Após operar em alta a maior parte da manhã, Bolsa tem oscilação

Às 11h50, o principal índice da Bolsa paulista registrava valorização de 0,18%, aos 69.351 pontos

Beth Moreira, da Agência Estado,

30 de setembro de 2010 | 11h59

A Bovespa opera em alta nesta quinta-feira, último pregão do mês de setembro, influenciada pela divulgação de dados econômicos positivos nos Estados Unidos. A valorização mais forte vista no início da sessão, no entanto, perdeu força no final do período com a virada das ações da Vale e desaceleração da alta de Petrobrás. As ações dos bancos, que iniciaram o dia com valorização, permanecem como o principal destaque de alta.

 

Às 11h50, o principal índice da Bolsa paulista registrava valorização de 0,18%, aos 69.351 pontos, após alcançar a máxima de 69.737 pontos (+0,73%). O giro financeiro era de R$ 2,46 bilhões, com previsão de R$ 10,1 bilhões para o fechamento. No mesmo momento, o Dow Jones operava em alta de 0,36%, enquanto o S&P 500 subia 0,43%.

 

As ações preferenciais da Petrobrás, que subiram mais forte durante a manhã, ainda se mantêm no campo positivo, dando continuidade à valorização registrada no pregão de ontem. Há pouco, o papel PN subia 0,22%, com giro de R$ 424,3 milhões, o maior do Ibovespa. Já a ON, que chegou a operar em alta, agora cede 0,90%, entre as maiores baixas do Ibovespa.

 

Em comunicado sobre a liquidação da oferta de ações, a estatal informou que os investidores estrangeiros ficaram com 11,74% das ações ordinárias e 11,23% das preferenciais da oferta pública de novas ações da empresa. Os dados não incluem o lote suplementar, de até 5% das ações.
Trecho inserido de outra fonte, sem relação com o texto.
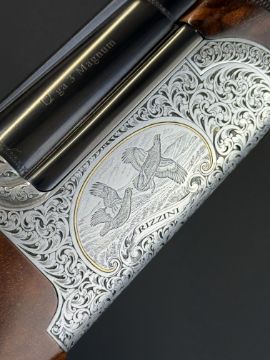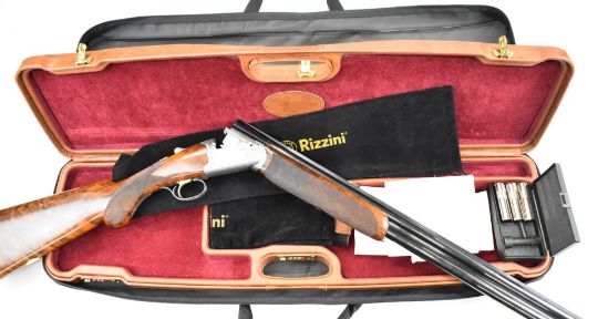 Rizzini Round Body EL 12 bore over and under ejector shotgun with engraved scenes of birds surrounded by gold inlay to the action, scrolling engraving to the action, trigger guard, top plate and thumb lever, chequered semi-pistol grip and forend, vacant cartouche to the underside of the stock, single trigger and 28 inch multi-choke barrels, overall length 116cm, length of pull 37.5cm, serial number 89283, in original fitted leather case with three additional chokes, choke key, dust covers and case cover. PLEASE NOTE THAT A VALID RELEVANT SHOTGUN CERTIFICATE IS REQUIRED TO VIEW OR PURCHASE THIS LOT AND FOR ALL SHOTGUNS OR RIFLES. PLEASE ENSURE YOU HAVE THE RELEVANT CERTIFICATE BEFORE BIDDING.

A participação baixa dos estrangeiros surpreendeu alguns operadores. "Ficou bem baixa", afirma um profissional.

 

OGX, do empresário Eike Batista, sobe 0,93%, reagindo a notícias de novas descobertas de petróleo em áreas administradas pela empresa. A empresa informou hoje que identificou presença de hidrocarbonetos, com indicativo de óleo leve e gás, na seção santoniana do poco OGX-19 (1-OGX-19A-RJS), no bloco BM-S-58 da Bacia de Santos, situado a 112 km da costa onde a lâmina d'água é de aproximadamente 172 metros. A OGX detém 100% de

participação no bloco.

 

Os bancos também dão sequência à alta dos últimos dias. As units do Santander avançam 2,69%, encabeçando a lista de maiores altas do Ibovespa. Banco do Brasil também aparece no grupo de altas com ganhos de 1,33%. Também sobem Itaú Unibanco (0,53%) e Bradesco (+0,68%).

 

O chefe de análise da SLW, Pedro Galdi, lembra que várias corretoras soltaram relatórios positivos sobre o setor nos últimos dias. Ele explica que indicadores internos como crédito, emprego, consumo e investimentos das empresas corroboram para as boas perspectivas.

 

Também figuram entre as maiores altas do Ibovespa Brasil Ecodiesel (+2,06%), Klabin PN (+1,70%), Braskem (+1,69%), Ultrapar (+1,68%) e CESP (+1,67%).

 

Entre as siderúrgicas, Usiminas continuam sendo destaque de alta com a ação PNA avançando 0,75% e a ON operando com ganhos de 1,50%, esta entre as maiores altas do Ibovespa. Gerdau sobe 0,35% e Gerdau Metalúrgica opera estável (0%). Já a CSN registra perdas de 0,34%.

 

As ações da Vale, que iniciaram o dia em alta, perderam fôlego antes do final da manhã. Vale PNA recua 0,09% e ON cede 0,15%. Mais cedo os metais básicos operam em leve baixa em Londres.

 

Construção

 

O setor de construção é um dos destaques de baixa com PDG (-1,54%), Cyrela (-1,31%) e Gafisa (-1,23%) entre as maiores quedas do Ibovespa. Também cai Rossi (-0,38%).

 

Também figuram entre as mais expressivas baixas do Ibovespa Fibria (-1,69%), B2W (-1,29%), Sabesp (-1,23%) e Embraer (-0,42%).